Illinois House votes to require woman, African American on all corporate boards

SPRINGFIELD (Illinois News Network) -- After a heated debate, calls of racism, and shouting, the Illinois state House of Representatives voted to require all publicly held companies in the state to have at least one woman and one African-American on the company's corporate board.

State Rep. Chris Welch’s bill, which passed Friday, would require any publicly-traded company headquartered in the state to have at least one woman and at least one African-American on its corporate boards starting in 2021.

“No later than the close of the 2020 calendar year, a publicly held domestic or foreign corporation whose principal executive offices, according to the corporation's SEC 10-K form, are located in Illinois shall have a minimum of one female director and one African American director on its board of directors,” according to the text of the bill. It would allow boards to expand to meet the requirements.

It would require the Secretary of State to keep an online list of corporations that would show if a company is in compliance with the law.

The bill would also impose fines up to $300,000 for failure to comply.

State Rep. Tony McCombie, R-Savanna, said Welch’s bill is one of many anti-business bills lawmakers have passed this year.

“We are destroying the ability for our state to grow,” she said.
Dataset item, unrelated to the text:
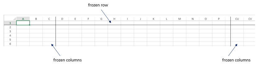 Objeto contendo informação sobre colunas e linhas congeladas | |||||

The conversation got heated and included accusations of racism. Welch, D-Westchester, said African-Americans and women deserve to have a voice in corporate America, which he said they’re not getting now.

“I’m not going to be ashamed to stand here and fight for the people that sent me here,” he said. “Ashamed to fight for African-Americans to have a right in a room? Are you kidding me?”
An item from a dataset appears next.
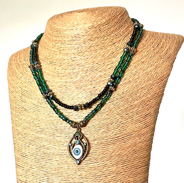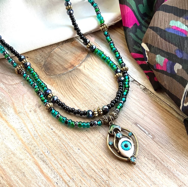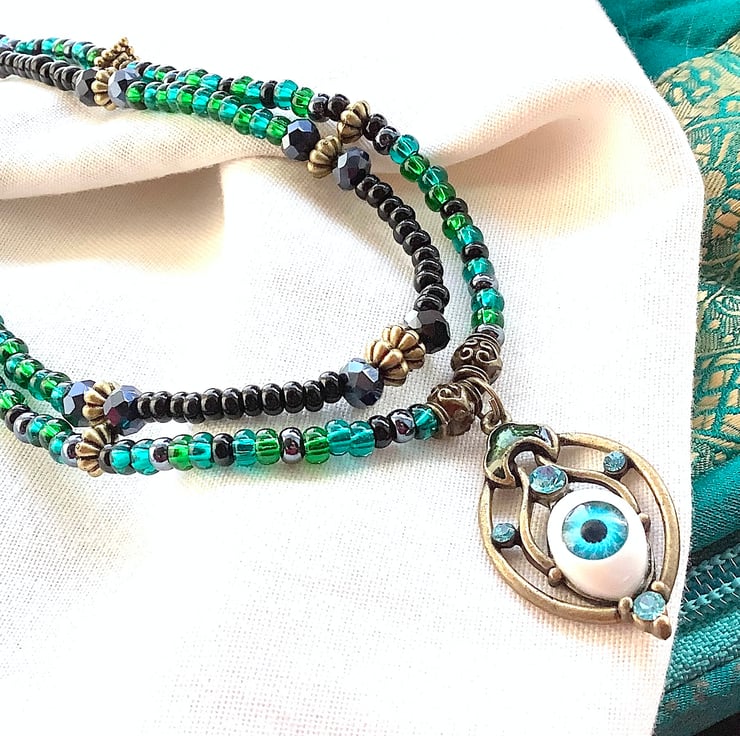 The eye pendant is from earrings, I have had for a long time. One of the pair is missing, so the earring is a pendant for a quirky necklace

The Senate now takes the bill for consideration.

Debate on Friday included talk of expanding the requirement to include all minorities, not just African-Americans.

California lawmakers approved a similar law, which will take effect in 2021. California's law only applies to women.

Some legal scholars questioned California’s requirements when they were enacted, saying they could run afoul of the U.S. Constitution’s Equal Protection Clause.